Your goal: Nothing but the lines from the start of the entries below through the line containing "很多国内的小伙伴可能使用支付宝支付习惯了,目前 surfshark 虽然移除了支付宝付款、银联的选项,但是使用" should appear in the answer, copied exactly and free of pictures.

[[ Task inputs, beginning ]]

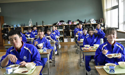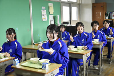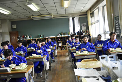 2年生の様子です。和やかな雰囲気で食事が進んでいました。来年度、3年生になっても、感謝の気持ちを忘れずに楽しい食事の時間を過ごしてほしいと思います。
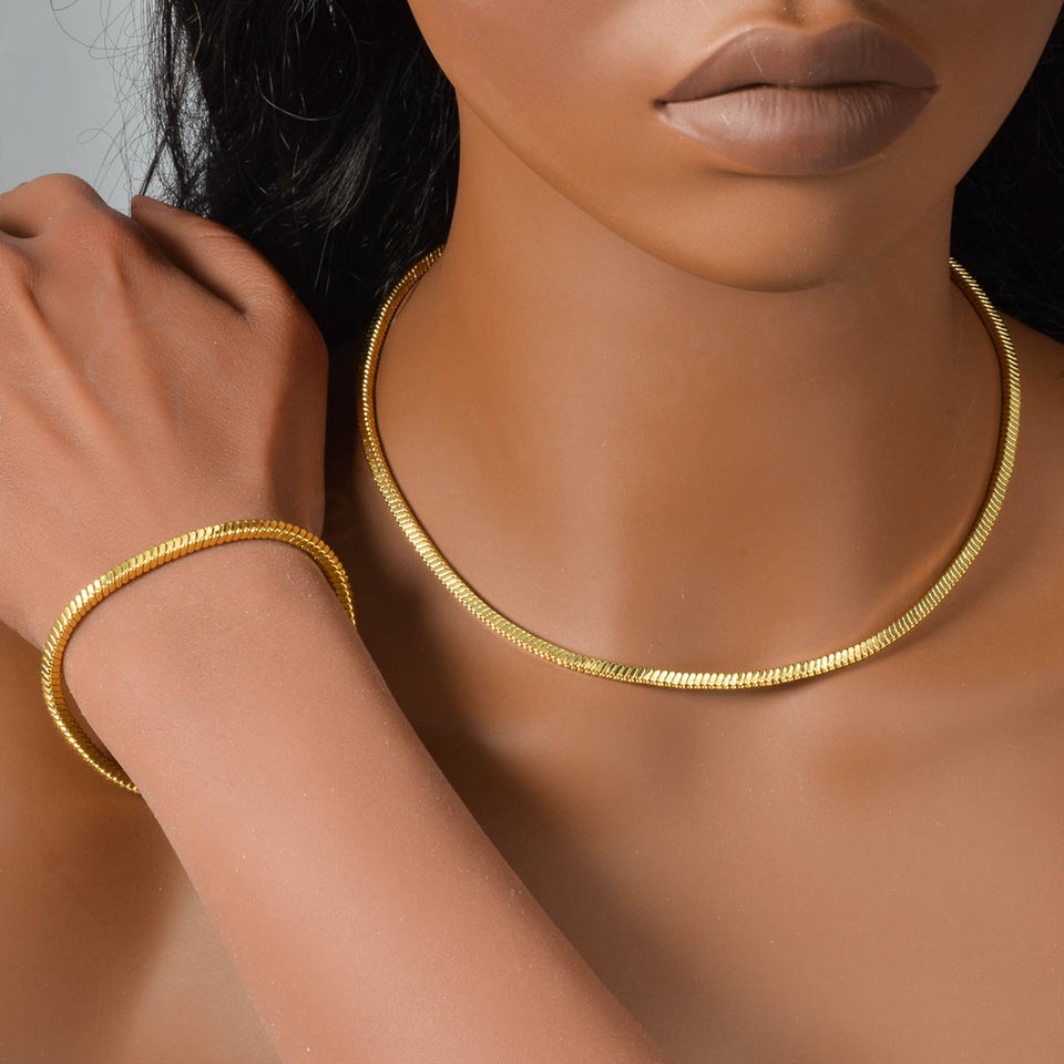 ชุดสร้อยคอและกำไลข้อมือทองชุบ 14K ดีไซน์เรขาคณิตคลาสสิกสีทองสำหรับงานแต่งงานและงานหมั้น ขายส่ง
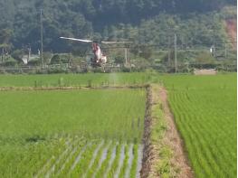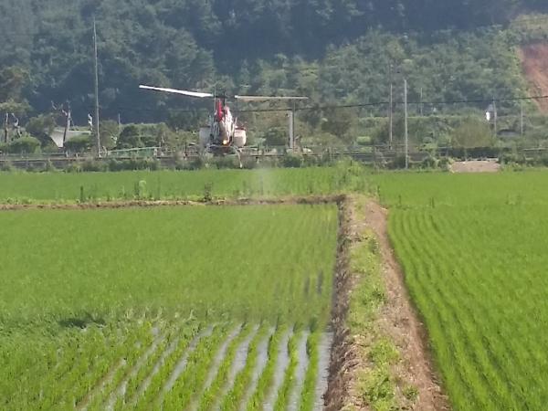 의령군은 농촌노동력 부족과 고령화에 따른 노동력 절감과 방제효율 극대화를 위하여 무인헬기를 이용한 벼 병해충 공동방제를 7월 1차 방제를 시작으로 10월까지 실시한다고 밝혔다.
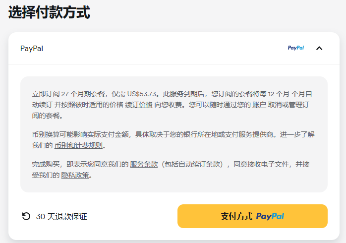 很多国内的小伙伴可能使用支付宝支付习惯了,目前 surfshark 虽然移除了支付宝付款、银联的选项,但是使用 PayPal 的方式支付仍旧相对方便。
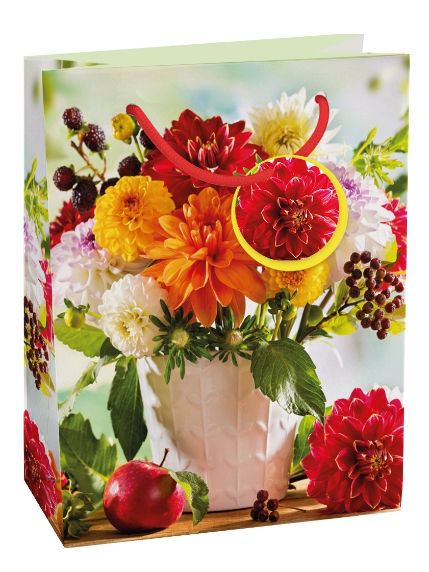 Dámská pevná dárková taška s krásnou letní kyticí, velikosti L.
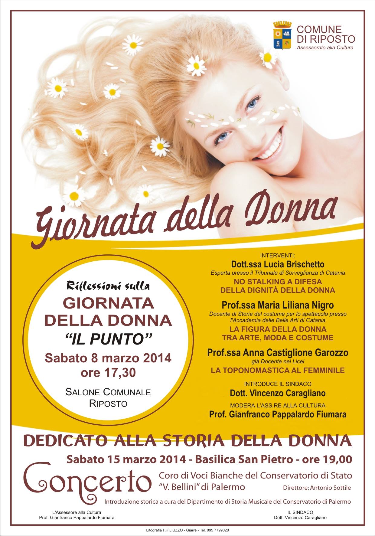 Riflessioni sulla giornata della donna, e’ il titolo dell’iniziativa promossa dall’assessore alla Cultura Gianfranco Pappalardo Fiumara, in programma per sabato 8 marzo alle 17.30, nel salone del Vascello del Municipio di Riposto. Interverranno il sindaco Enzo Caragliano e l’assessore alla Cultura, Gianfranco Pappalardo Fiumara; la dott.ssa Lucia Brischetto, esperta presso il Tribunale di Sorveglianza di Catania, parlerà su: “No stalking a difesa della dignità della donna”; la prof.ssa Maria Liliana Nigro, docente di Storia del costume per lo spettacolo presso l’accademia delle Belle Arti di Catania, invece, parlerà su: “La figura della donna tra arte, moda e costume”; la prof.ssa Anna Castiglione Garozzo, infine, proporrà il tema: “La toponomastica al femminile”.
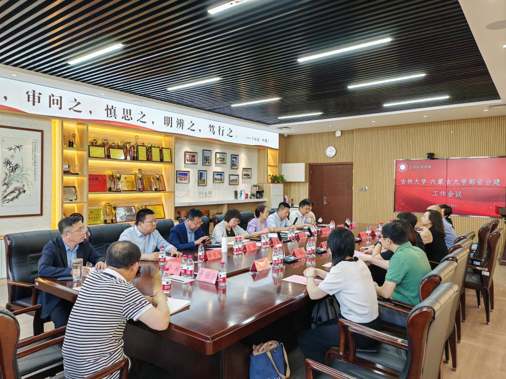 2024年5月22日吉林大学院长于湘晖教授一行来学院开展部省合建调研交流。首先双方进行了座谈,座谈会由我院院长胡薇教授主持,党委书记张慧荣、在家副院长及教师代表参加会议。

[[ Task inputs, end ]]

Written answer:
 2年生の様子です。和やかな雰囲気で食事が進んでいました。来年度、3年生になっても、感謝の気持ちを忘れずに楽しい食事の時間を過ごしてほしいと思います。
 ชุดสร้อยคอและกำไลข้อมือทองชุบ 14K ดีไซน์เรขาคณิตคลาสสิกสีทองสำหรับงานแต่งงานและงานหมั้น ขายส่ง
 의령군은 농촌노동력 부족과 고령화에 따른 노동력 절감과 방제효율 극대화를 위하여 무인헬기를 이용한 벼 병해충 공동방제를 7월 1차 방제를 시작으로 10월까지 실시한다고 밝혔다.
 很多国内的小伙伴可能使用支付宝支付习惯了,目前 surfshark 虽然移除了支付宝付款、银联的选项,但是使用 PayPal 的方式支付仍旧相对方便。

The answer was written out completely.